Abstract

Systemic hypertension affects almost a quarter of Canadian adults. Although most can achieve adequate blood pressure control using a combination of medical and lifestyle interventions, many have resistant hypertension and are unable to reach their target. Percutaneous renal sympathetic denervation has been developed to address a crucial mechanism in the pathophysiology of hypertension: renal sympathetic overactivity. In 2009, the first-in-man experience with renal denervation was published. Several studies followed, including the randomized Symplicity HTN-2 trial of 106 patients: 6-month mean blood pressure reduction was 32/12 mm Hg in those who underwent renal denervation, vs a change of +1/0 Hg in those who did not. However, all the evidence to date suffers from the same drawbacks: studies are small, and follow-up is short and largely incomplete. The future of renal denervation will be determined by 3 factors. First, there will be more and better evidence. Symplicity HTN-3 has randomized 530 patients to renal denervation vs a sham procedure; 24-hour ambulatory blood pressure monitoring will be assessed in all participants.

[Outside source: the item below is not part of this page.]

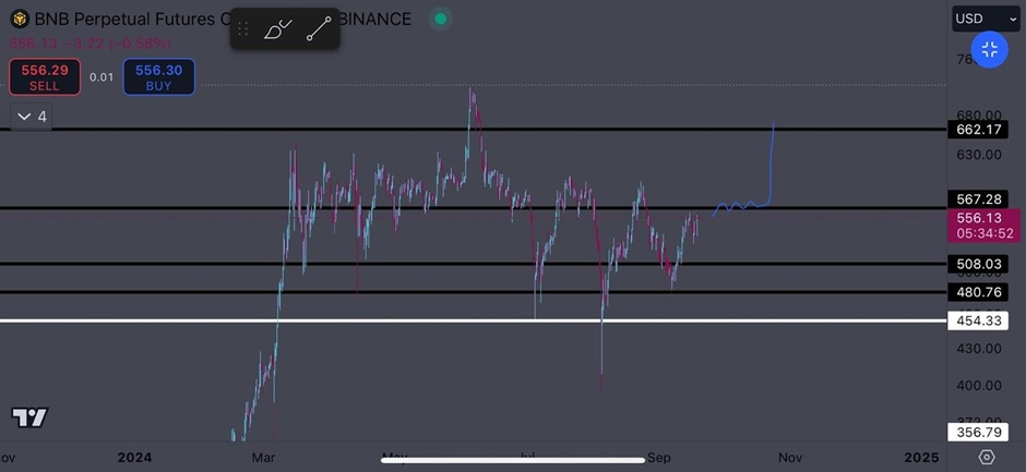 If CryptoGodJohn’s chart is anything to go by, BNB could potentially reach the $662 mark in the next few weeks. This would mark a 15.5% increase from its current price. However, if bearish traders prevail, BNB could fall below $550.

Other quality trials will follow, including ones that will assess clinical end points. Second, other indications for this treatment will be investigated. Sympathetic overactivity is implicated in many other conditions, including heart failure and arrhythmia; sympathetic denervation might benefit these patients as well. Third, myriad devices, using different methods to achieve renal denervation, are being developed. The first renal denervation system was approved for clinical use in Canada in March 2012. Until more data are available, patients undergoing this procedure should be carefully screened and, ideally, enrolled in research protocols.